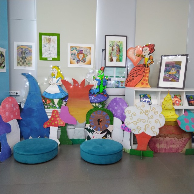 В вестибюле всех встречала наша традиционная беспроигрышная лотерея и фотозона, оформленная в стиле Алисы Льюиса Кэрролла.
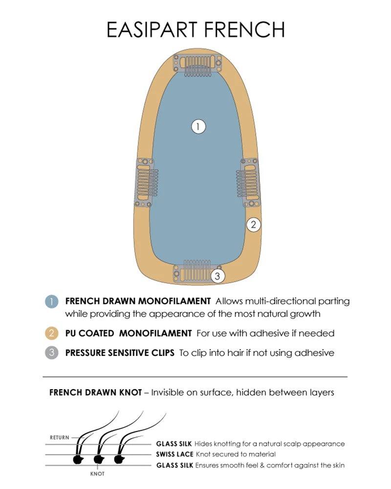 This clip in topper, worn over the part, adds volume to short styles with beautiful Remy human hair. The design is hand tied using French knotting, a superior knotting technique that creates the most natural appearance possible.
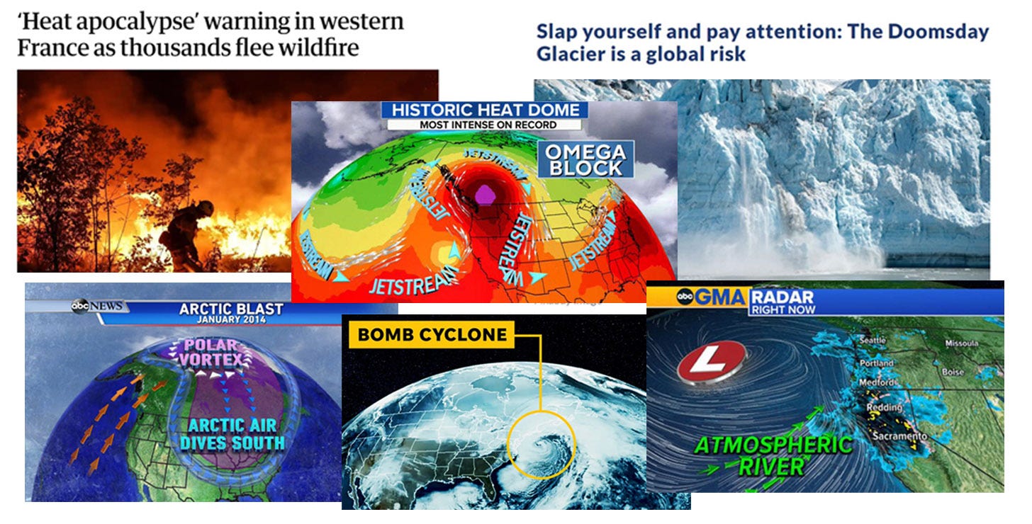 (Plausible explanation) We are experiencing extreme weather because the Jet Stream has become unstable and it’s basically swerving all over the road. The Gulf Stream is supposed to keep the Jet Stream stable, but because global warming is heating up the ocean, the Gulf Stream is slowing down and getting weaker, and it is in danger of collapsing.

• PROBLEM: Please copy, exactly and only, the lines of the listing that run from the one holding "This clip in" through its last line, and exclude pictures.

• OUTPUT BELOW:
 This clip in topper, worn over the part, adds volume to short styles with beautiful Remy human hair. The design is hand tied using French knotting, a superior knotting technique that creates the most natural appearance possible.
 (Plausible explanation) We are experiencing extreme weather because the Jet Stream has become unstable and it’s basically swerving all over the road. The Gulf Stream is supposed to keep the Jet Stream stable, but because global warming is heating up the ocean, the Gulf Stream is slowing down and getting weaker, and it is in danger of collapsing.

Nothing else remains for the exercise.